Background: Diabetic foot ulcer (DFU) is a common and highly morbid complication of diabetes with high unmet medical needs. AUP1602-C, a topical four-in-one gene therapy medicinal product (GTMP), consisting of a Lactococcus cremoris strain that produces fibroblast growth factor-2, interleukin-4, and colony-stimulating factor-1, is a promising novel treatment for DFU.

Objectives: The aim of this first-in-human study was to investigate whether AUP1602-C is safe and effective in improving wound healing and quality of life (QoL) in patients with non-healing DFU (nhDFU), and to determine the recommended phase II dose.

Design: Phase I, single-arm, open-label, uncontrolled, dose escalation study.

Methods: The study consisted of four cohorts of patients receiving AUP1602-C as a single dose of 2.5 × 105 colony-forming units (CFU)/cm2 ulcer size or as repeated doses between 2.5 × 106 and 2.5 × 108 CFU/cm2 administered 3 times per week for 6 weeks. Within each cohort, a 3 + 3 scheme for monitoring safety, tolerability, and efficacy was applied.
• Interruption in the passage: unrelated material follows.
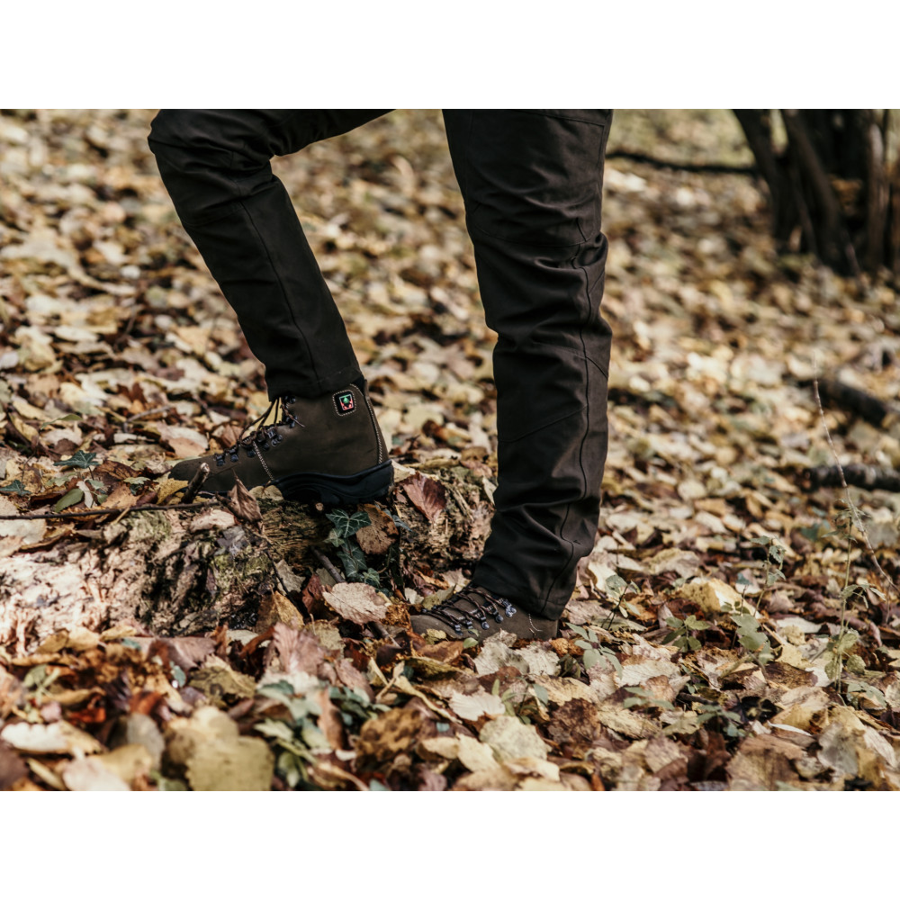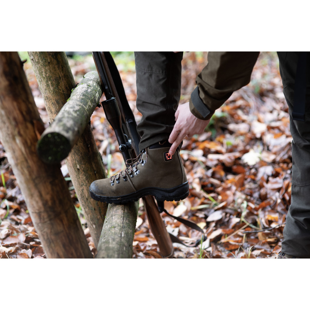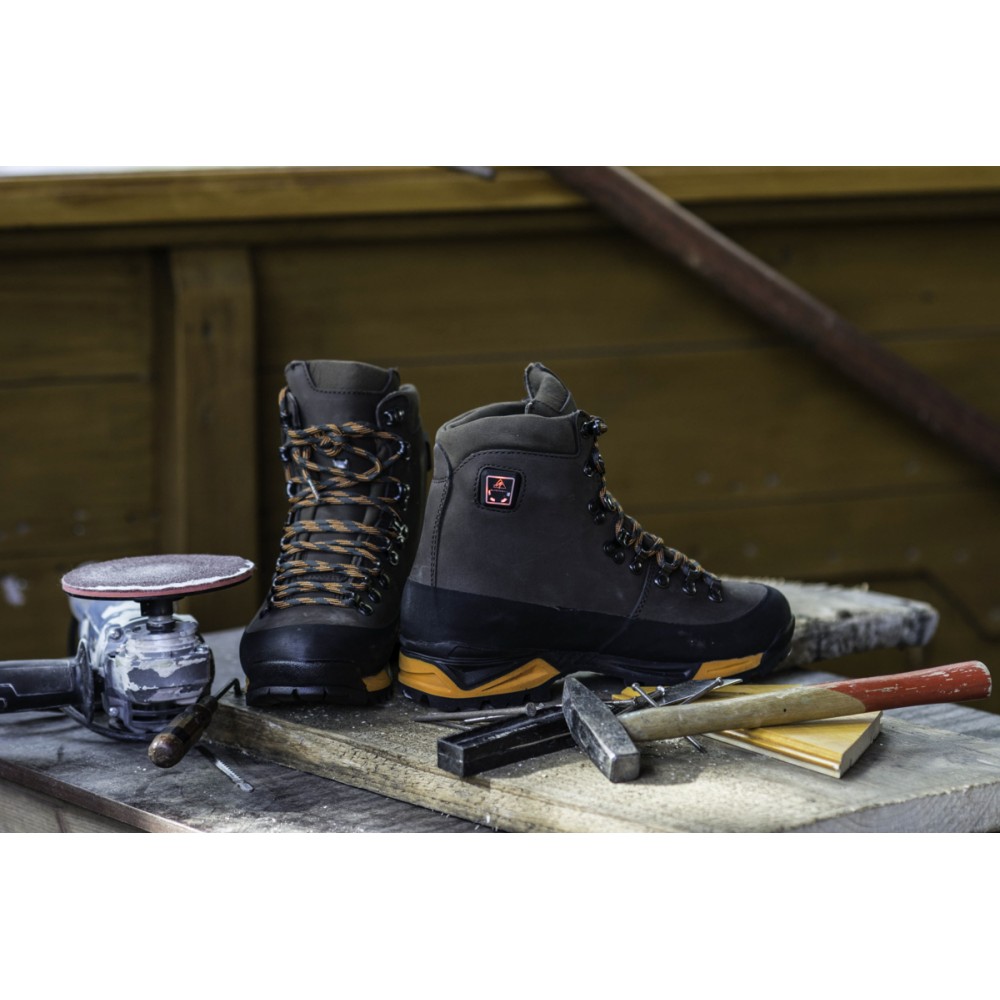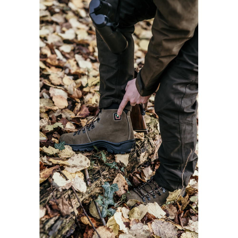 Vŭnshniyat material e visokokachestvena, vodootblŭskvashta kozha nabuk v kafyavo-zelen tsvyat, s khastar ot estestvena kozha, taka che botushite sa udobni za nosene pri vsyakakvi deĭnosti na otkrito v studeno ili vlazhno vreme. Mnogosloĭnata podmetka predlaga idealen komfort, s Vibram® vŭnshna podmetka, kozhena dvoĭna gŭvkava stelka i gŭvkava poliuretanova podmetka s udaropoglŭshtasht efekt v oblastta na petata.

Results: In total, 16 patients aged 53-80 years were included, 3 each in the safety and low dose, 4 in the medium dose, and 6 in the high-dose cohort. AUP1602-C demonstrated a favorable safety profile with almost 100% dosing compliance. The most frequently reported side effect related to treatment was skin maceration. No serious adverse reactions, systemic toxicity, deaths, or side effects suggestive of immunogenicity, hypersensitivity, allergic reaction, or dose-limiting toxicities related to treatment were reported. No biodistribution events were observed and shedding-related events were rare and did neither show accumulation nor dose dependency. The recommended phase II dose of 2.5 × 108 CFU/cm2 demonstrated complete healing in 83% of patients without recurrence of ulcers during follow-up.

Conclusion: AUP1602-C was safe and well tolerated and demonstrated dose-dependent efficacy in patients with nhDFU. Data supports further clinical development of AUP1602-C.

Trial registration: The study was registered in ClinicalTrials.gov (NCT04281992) and ClinicalTrialsRegister.eu (2018-003415-22).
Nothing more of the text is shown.